(Beginning of Data records)
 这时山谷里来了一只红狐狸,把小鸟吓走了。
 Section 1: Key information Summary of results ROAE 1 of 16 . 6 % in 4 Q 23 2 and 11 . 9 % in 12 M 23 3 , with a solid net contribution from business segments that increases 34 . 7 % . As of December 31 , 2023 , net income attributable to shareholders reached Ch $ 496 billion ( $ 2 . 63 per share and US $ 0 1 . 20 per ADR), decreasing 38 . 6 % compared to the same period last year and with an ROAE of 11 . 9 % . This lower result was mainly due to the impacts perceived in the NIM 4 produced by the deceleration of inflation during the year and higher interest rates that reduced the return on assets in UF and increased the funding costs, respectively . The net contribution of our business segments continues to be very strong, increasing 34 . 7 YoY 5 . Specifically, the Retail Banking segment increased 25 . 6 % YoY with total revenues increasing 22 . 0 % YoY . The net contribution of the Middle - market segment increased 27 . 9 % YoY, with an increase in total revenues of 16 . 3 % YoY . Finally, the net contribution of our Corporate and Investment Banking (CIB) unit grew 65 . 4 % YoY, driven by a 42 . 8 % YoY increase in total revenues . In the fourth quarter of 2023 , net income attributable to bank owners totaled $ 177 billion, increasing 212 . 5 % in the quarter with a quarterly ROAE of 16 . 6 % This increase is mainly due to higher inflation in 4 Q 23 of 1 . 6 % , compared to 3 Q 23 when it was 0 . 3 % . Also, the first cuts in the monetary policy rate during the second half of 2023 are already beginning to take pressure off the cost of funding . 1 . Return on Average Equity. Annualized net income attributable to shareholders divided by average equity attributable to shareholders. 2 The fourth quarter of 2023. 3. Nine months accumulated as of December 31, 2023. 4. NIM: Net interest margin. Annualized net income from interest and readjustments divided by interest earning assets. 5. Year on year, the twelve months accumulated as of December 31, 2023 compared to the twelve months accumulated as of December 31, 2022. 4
(End of Data records)
(Beginning of Data records)
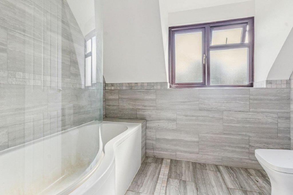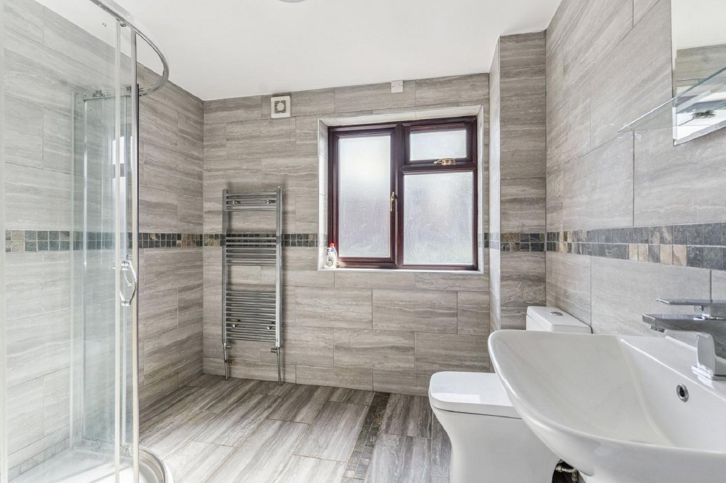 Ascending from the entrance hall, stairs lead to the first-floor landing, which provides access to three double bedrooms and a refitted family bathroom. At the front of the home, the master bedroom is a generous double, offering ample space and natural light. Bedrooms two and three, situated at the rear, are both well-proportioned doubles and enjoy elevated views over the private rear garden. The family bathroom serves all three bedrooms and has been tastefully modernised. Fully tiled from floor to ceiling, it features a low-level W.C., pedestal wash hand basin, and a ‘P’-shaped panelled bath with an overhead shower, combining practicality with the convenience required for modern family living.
(End of Data records)
Aim of the task >> For the listing above, print only the lines starting at the line containing "这时山谷里来了一只红狐狸,把小鸟吓走了。" and ending at the line containing "Section 1: Key", exactly, both included.

Answer >>
 这时山谷里来了一只红狐狸,把小鸟吓走了。
 Section 1: Key information Summary of results ROAE 1 of 16 . 6 % in 4 Q 23 2 and 11 . 9 % in 12 M 23 3 , with a solid net contribution from business segments that increases 34 . 7 % . As of December 31 , 2023 , net income attributable to shareholders reached Ch $ 496 billion ( $ 2 . 63 per share and US $ 0 1 . 20 per ADR), decreasing 38 . 6 % compared to the same period last year and with an ROAE of 11 . 9 % . This lower result was mainly due to the impacts perceived in the NIM 4 produced by the deceleration of inflation during the year and higher interest rates that reduced the return on assets in UF and increased the funding costs, respectively . The net contribution of our business segments continues to be very strong, increasing 34 . 7 YoY 5 . Specifically, the Retail Banking segment increased 25 . 6 % YoY with total revenues increasing 22 . 0 % YoY . The net contribution of the Middle - market segment increased 27 . 9 % YoY, with an increase in total revenues of 16 . 3 % YoY . Finally, the net contribution of our Corporate and Investment Banking (CIB) unit grew 65 . 4 % YoY, driven by a 42 . 8 % YoY increase in total revenues . In the fourth quarter of 2023 , net income attributable to bank owners totaled $ 177 billion, increasing 212 . 5 % in the quarter with a quarterly ROAE of 16 . 6 % This increase is mainly due to higher inflation in 4 Q 23 of 1 . 6 % , compared to 3 Q 23 when it was 0 . 3 % . Also, the first cuts in the monetary policy rate during the second half of 2023 are already beginning to take pressure off the cost of funding . 1 . Return on Average Equity. Annualized net income attributable to shareholders divided by average equity attributable to shareholders. 2 The fourth quarter of 2023. 3. Nine months accumulated as of December 31, 2023. 4. NIM: Net interest margin. Annualized net income from interest and readjustments divided by interest earning assets. 5. Year on year, the twelve months accumulated as of December 31, 2023 compared to the twelve months accumulated as of December 31, 2022. 4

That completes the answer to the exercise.